Jobless Claims Jump to Eight-Month High, Pleasing No One

Alex Eichler 203 Views May 5, 2011

Today, the Department of Labor released a report showing that first-time unemployment-benefit claims jumped by 43,000 in the week ending April 30. This puts them at their highest number in eight months--they're now at 474,000, although analysts had expected them to fall to 410,000. "Not good news," Kevin Drum declares at Mother Jones.

Indeed not. Unlike the mid-April uptick in jobless claims--which was either scary or not, depending on whom you asked--the latest report is being taken pretty widely as a bad sign. Jon Ogg at 24/7 Wall St. calls it "a disaster," while Brad DeLong jokes that "the stalling labor market [is] coming to kill us all." Kathleen Madigan at The Wall Street Journal, somewhat more level-headed, sees the numbers as a harbinger of "softer job markets in the second quarter," and warns: "Don't expect a turn in claims soon. In coming weeks, workers in the South left jobless by the tornadoes will file for benefits."
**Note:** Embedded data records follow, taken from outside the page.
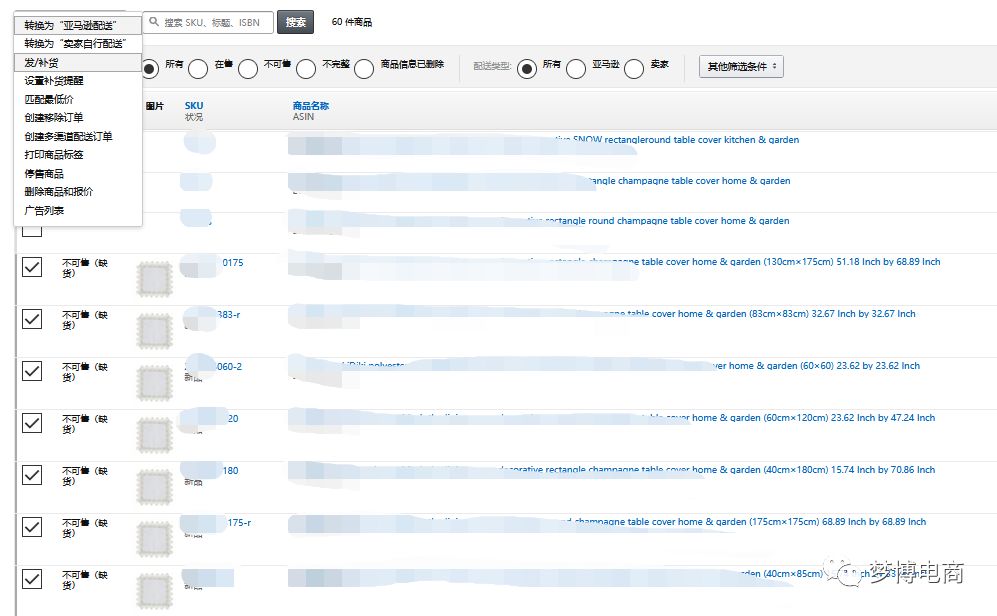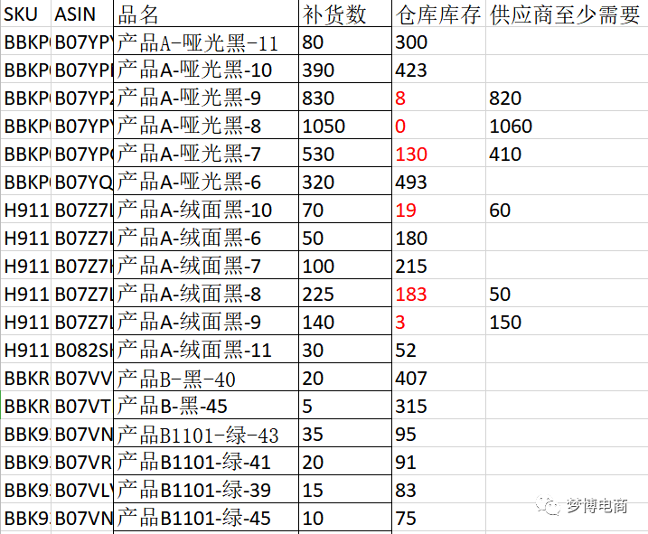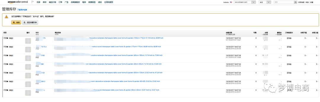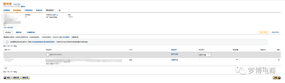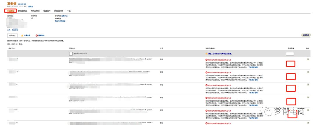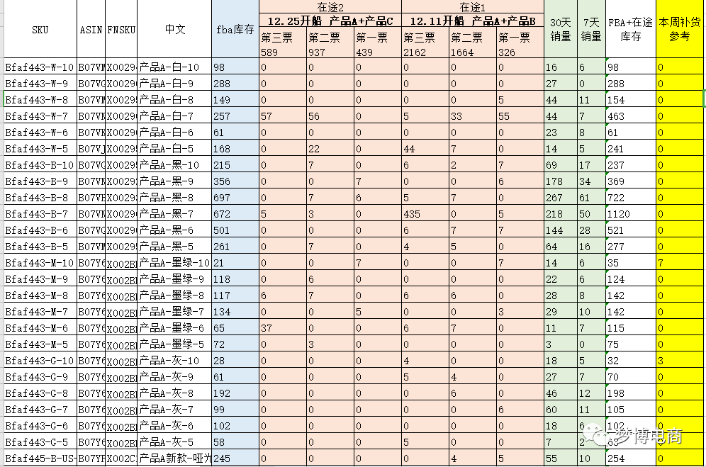 为了资金周转以及维持一个动态库存(在途库存和FBA库存能维持N天的销量),每周都需要补货,我们选择的是海派,特殊情况会补空派或者快递(紧急缺货的情况才不得不选择成本高的物流方式)以下讲述本公司的美国站最常见的每周海派的各个环节:运营计算发货数据--主管审核发货数据--运营创建出货计划并发布发货数据--仓库接收发货数据--仓库反馈装箱数据--运营接收和填写装箱数据--仓库粘贴外箱单--物流公司拉货以及财务报关资料的制作以上这些环节就是我认知中的海派发货流程,下文将开始一一详解,希望对亲力亲为的小微企业能起到借鉴意义,欢迎指出环节中可以完善和补充的需要。计算思路:补齐在途库存 以至于其加上FBA库存能够维持50天的销量需要下载的表格:《管理亚马逊库存》、《业务报告》子商品7天和30天的销量下载途径:1、数据报告/库存和销售报告/库存/管理亚马库存/下载(需要大约十几秒的缓存时间后才能点击下载报告) 2、数据报告/业务报告/子商品详情页面上的销售量与访问量/选择日期范围7天以及30天的下载《业务报告》(注意结束日期选择当前日期前两天,比如今天中国时间19号,后台就要选择17号才会有数据)找到管理亚马逊货件中的在途货件:这个希望大家每发一批货就记录在一个专门的表格中,包括发货时间和预计到货时间以及各个SKU的发货数量,这就知道了店铺产品在途数量。以上提到了两个表格分别是FBA实时库存和销量情况,再结合在途数量我们可以制作出一个计算发货数的表格:首先做个店铺产品的SKU/ASIN/FNSKU对照表本周补货参考:补足约50天销量库存=7*7天销量-(FBA+在途库存)以上出来的发货数据是参考值,挑出需要发货的SKU,然后参考本地仓库的实际库存情况来对发货数据进行考量:可以让仓库主管发你当前产品的库存,我们是用ERP记录库存,所以运营可以直接上ERP查询,填入发货的表格中。注:补货数是根据上面得出的“本周补货参考”取整,仓库库存不足的标红(注意仓库库存数量包含了次品数,所以需要减掉几双),算出向供应商获取的最少数量,我们向工厂请求某些sku先发小批量过来应急,等工厂反馈数据后,才能得出一个比较准确的发货数。主管针对准确的发货数进行审核并提出建议,最终把能发的准确数量发给运营去安排执行。运营根据最终准确的发货数量,在后台创建出货计划,出货计划的创建完成需要分成两部分:确定发补货SKU数量确定亚马逊仓库+确定装箱数量完成货件。前半部分我们之前一向手动选择SKU并一个一个填写数量,后来发现有批量上传模板填写,上传完成后在后台手动确认数量和仓库并继续,如果SKU较多的情况下可以尝试一下。以下介绍原先在后台是怎么创建出货计划的前半部分: 库存/管理库存/展开父变体,可以利用快捷键Ctrl+F查找选中(记得一定要选中FBA的listing,不然到下一步会重来,大家可以在前一步选中“亚马逊配送类型”)勾选完后点击搜索框旁边的按钮,再点击“发/补货”,会自动跳转到下个页面点击黄色按钮“是,继续” 系统提示几秒钟后会自动定向到“发/补货”界面
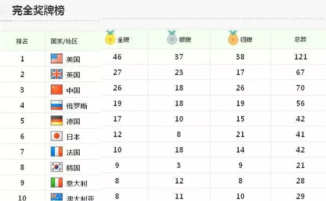 ▼2016年里约奥运会金牌榜,中国屈居第三,日本升至第六
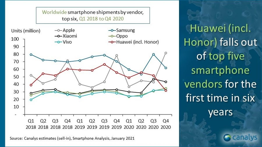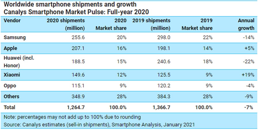 ตลอดทั้งปี 2020 Samsung ยังคงรักษาตำแหน่งผู้นำของส่วนแบ่งตลาดทั่วโลกได้ที่ 20% Apple ตามมาเป็นอันดับสอง และ Huawei รวมกับ Honor ตามมาเป็นอันดับสาม
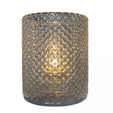 Knobby Votive Lamp, 3.125" dia. x 3.875"H, cylinder, glass, clear, Hollowick (minimum = case quantity) (NON STOCK item)
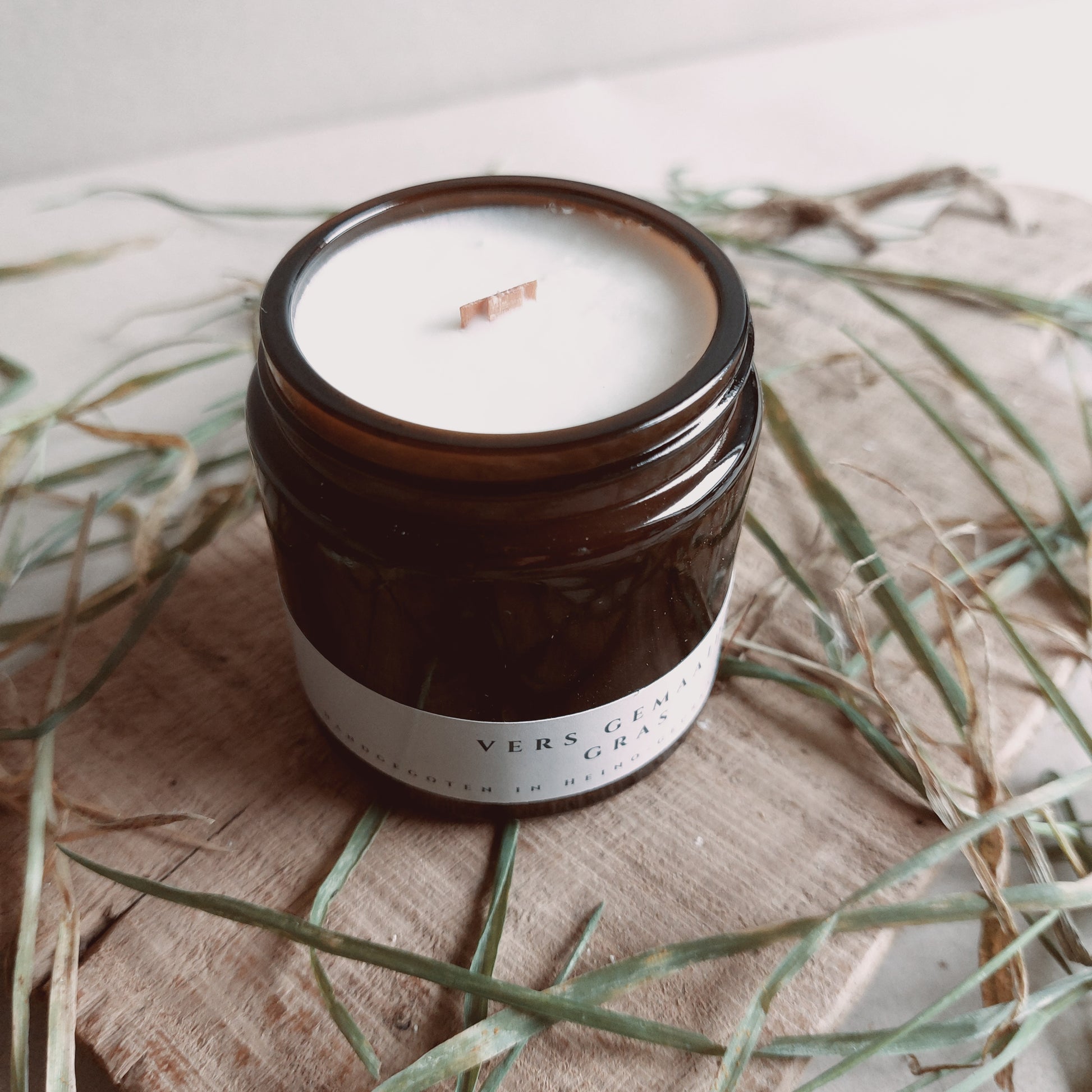 Deze kaarsen van een mix van soja met minerale wax maak ik in kleine hoeveelheden allemaal met de hand en voorzie ze van een Cedar houten lont die tijdens het branden een subtiel "knetterend" geluidje geeft. Dat maakt deze kaars leuk en uniek.
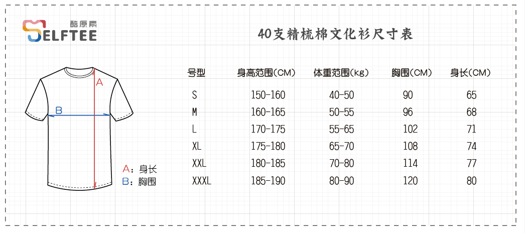 可以看到酷原素所有的尺寸表左边都有A,B的标识尺寸,这就是我们常说的胸围,身长两个最主要的标准

What else do we have to look forward to? Colin Barr at CNN Money thinks a new round of bond buying isn't out of the question, even though Fed Chairman Ben Bernanke seemed to signal last week that he Just Wasn't That Into QE3. Daniel Indiviglio at The Atlantic predicts that job growth will continue, "but at a slow space relative to what's needed to whittle down the very high national unemployment rate of 8.8%."
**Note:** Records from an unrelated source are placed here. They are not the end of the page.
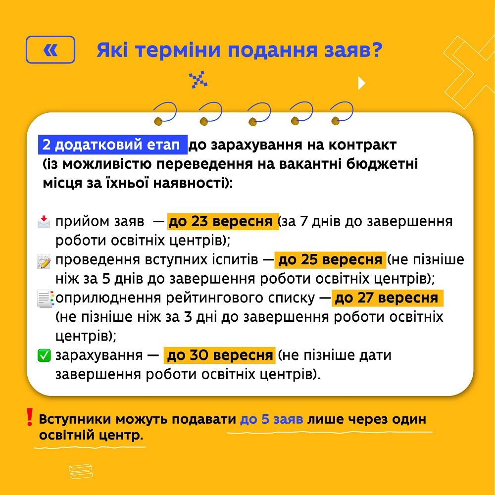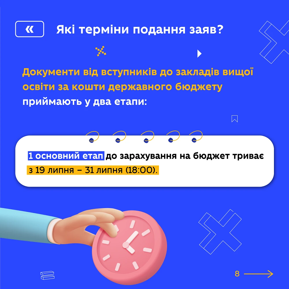 - Складіть вступні випробування замість НМТ на бюджет з 08 по 19 липня 2024 року, за контрактною формою з 08 до 31 липня 2024 року.
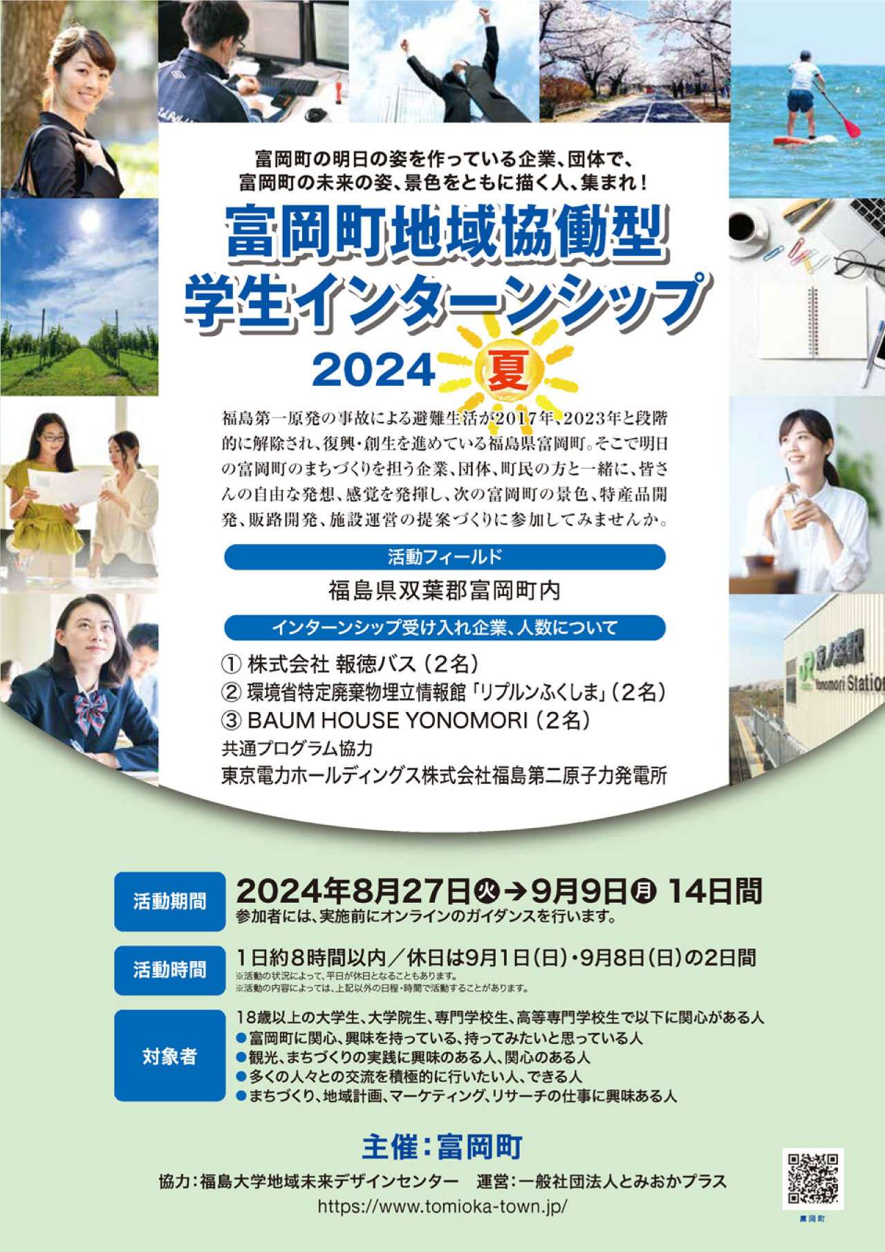 「富岡町地域協働型学生インターンシップ活動 2024夏」インターン生を募集!
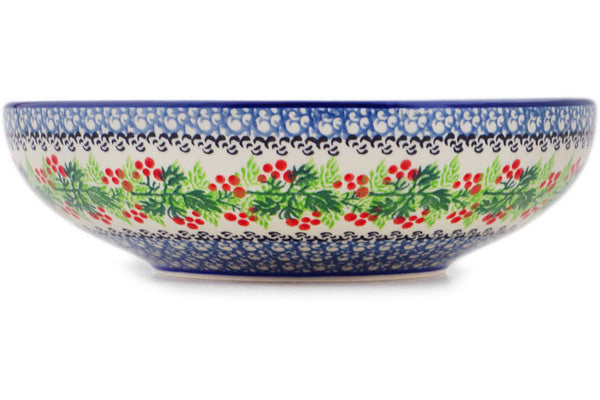 This Holly Berry Wreath 9" Bowl was handmade and hand decorated in Boleslawiec, Poland by skilled artisans according to old traditional methods. This Polish stoneware is microwave, dishwasher, freezer, and oven safe up to 480°F. It does not contain lead or cadmium. It is part of the Holly Berry Wreath Collection.
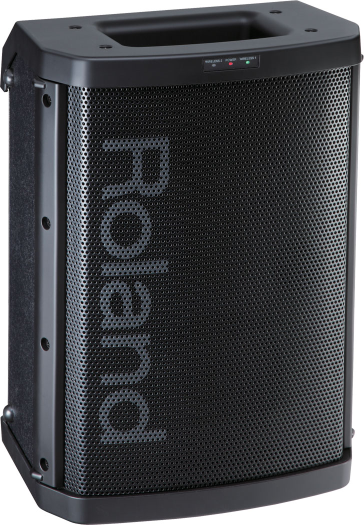 The BA-55 package includes a high-quality wireless microphone (DR-WM55). Designed specifically for this system, the mic has Power On/Off and Echo On/Off switches. The Echo switch is linked to the BA-55’s Echo/Reverb effect, which lets you enable and disable it directly from the mic. This is a very handy feature, allowing the effect to be quickly turned off when speaking or making announcements, then easily switched back on for singing.

The real tell comes tomorrow, when the government releases its monthly jobs report. According to the Associated Press, analysts predict the report will show that "employers added 185,000 workers to payrolls in April, fewer than in the prior month, and the unemployment rate held at 8.8 percent." But we might be surprised--it's happened before. Check back tomorrow to find out how it goes.